| PROBLEM STATEMENT |
The reply should hold only the lines from the one with "Matéria/Técnica: Azeviche; Cronologia: Século" to the one with "Mexican beef mince", both ends kept, exactly as they appear below, without any pictures.

| RECORDS SUPPLIED |
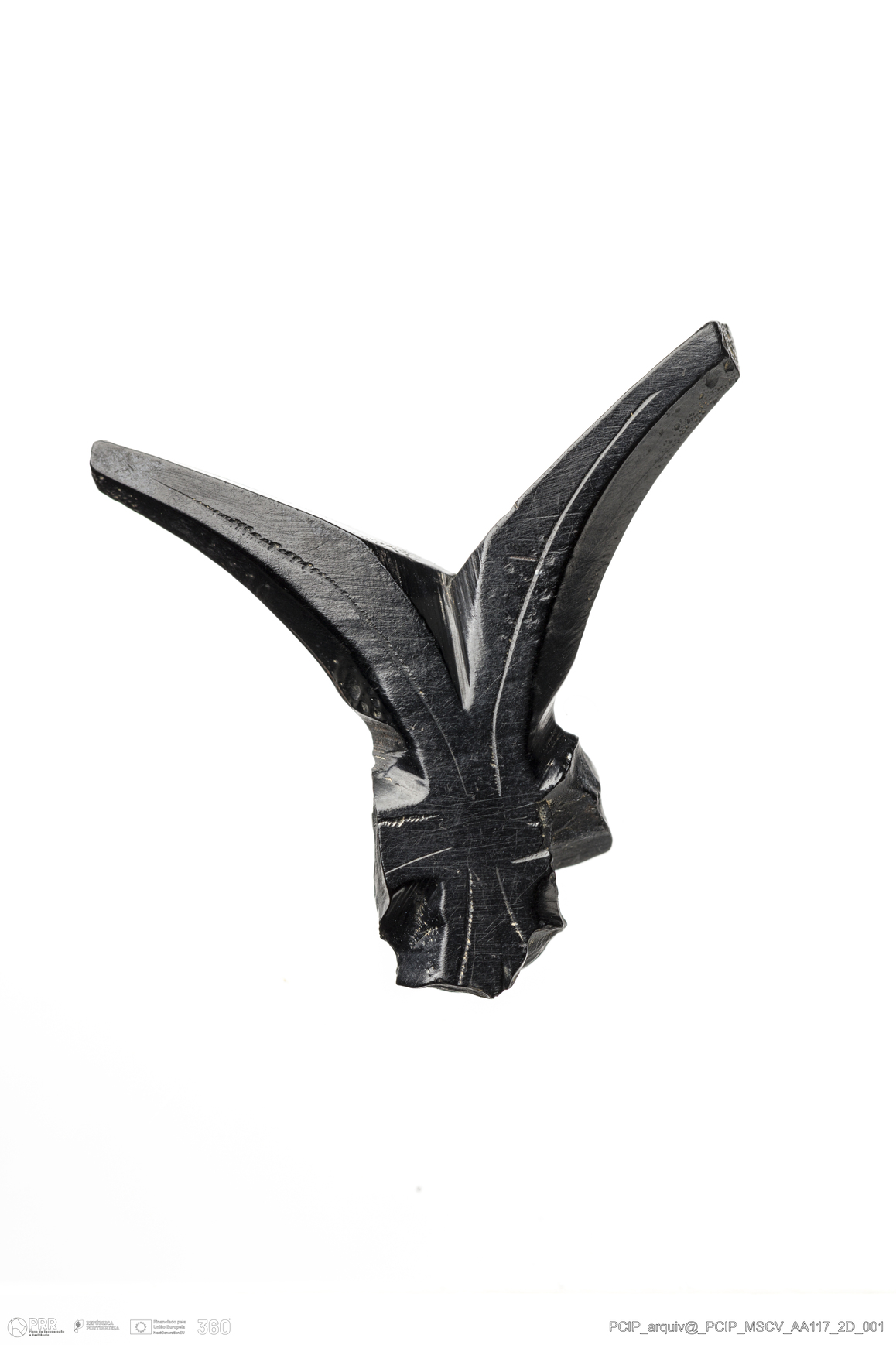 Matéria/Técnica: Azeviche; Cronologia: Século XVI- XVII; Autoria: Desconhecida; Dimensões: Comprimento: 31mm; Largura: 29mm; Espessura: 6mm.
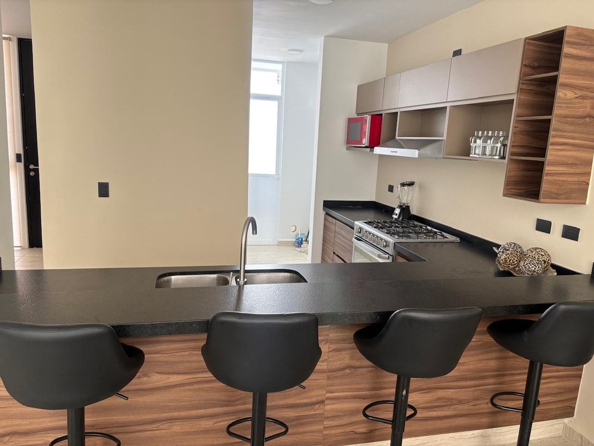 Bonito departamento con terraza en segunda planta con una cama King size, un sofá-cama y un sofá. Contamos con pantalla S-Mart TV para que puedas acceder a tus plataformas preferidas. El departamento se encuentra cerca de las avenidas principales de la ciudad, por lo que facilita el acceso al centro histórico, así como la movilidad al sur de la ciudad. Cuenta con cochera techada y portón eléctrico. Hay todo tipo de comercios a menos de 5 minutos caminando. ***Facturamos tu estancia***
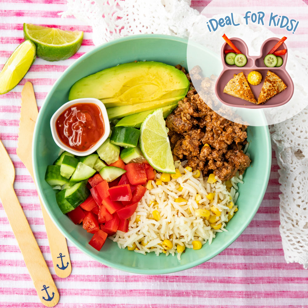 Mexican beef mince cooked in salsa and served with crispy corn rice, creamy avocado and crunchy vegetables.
* * *
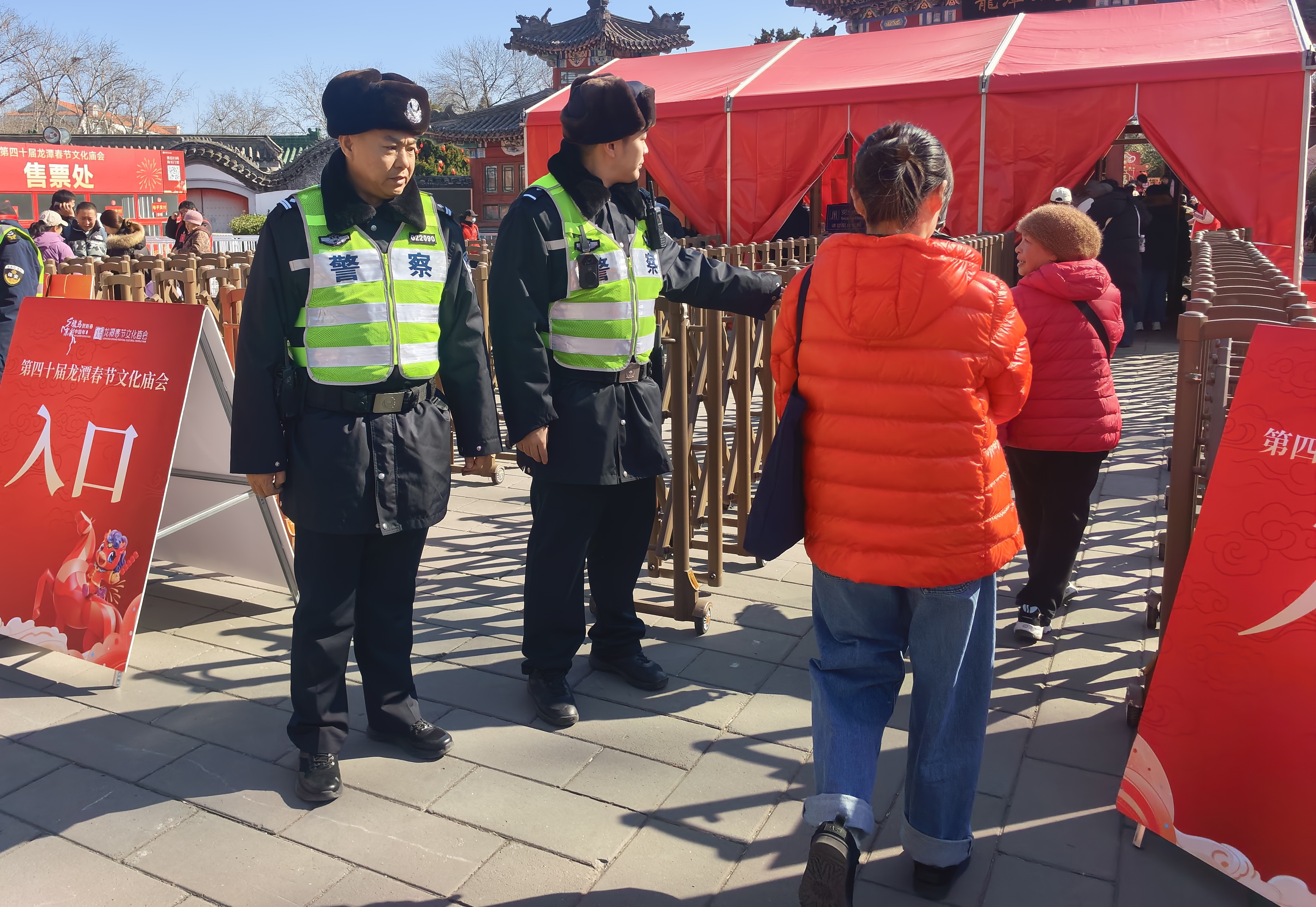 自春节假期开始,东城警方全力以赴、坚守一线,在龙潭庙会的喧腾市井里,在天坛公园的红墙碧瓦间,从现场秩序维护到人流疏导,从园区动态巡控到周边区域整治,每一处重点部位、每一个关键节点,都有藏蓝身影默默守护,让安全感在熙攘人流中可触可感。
...
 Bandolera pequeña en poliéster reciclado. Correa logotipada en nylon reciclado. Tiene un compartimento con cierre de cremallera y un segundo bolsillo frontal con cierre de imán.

| THE COMPLETED TASK |
 Matéria/Técnica: Azeviche; Cronologia: Século XVI- XVII; Autoria: Desconhecida; Dimensões: Comprimento: 31mm; Largura: 29mm; Espessura: 6mm.
 Bonito departamento con terraza en segunda planta con una cama King size, un sofá-cama y un sofá. Contamos con pantalla S-Mart TV para que puedas acceder a tus plataformas preferidas. El departamento se encuentra cerca de las avenidas principales de la ciudad, por lo que facilita el acceso al centro histórico, así como la movilidad al sur de la ciudad. Cuenta con cochera techada y portón eléctrico. Hay todo tipo de comercios a menos de 5 minutos caminando. ***Facturamos tu estancia***
 Mexican beef mince cooked in salsa and served with crispy corn rice, creamy avocado and crunchy vegetables.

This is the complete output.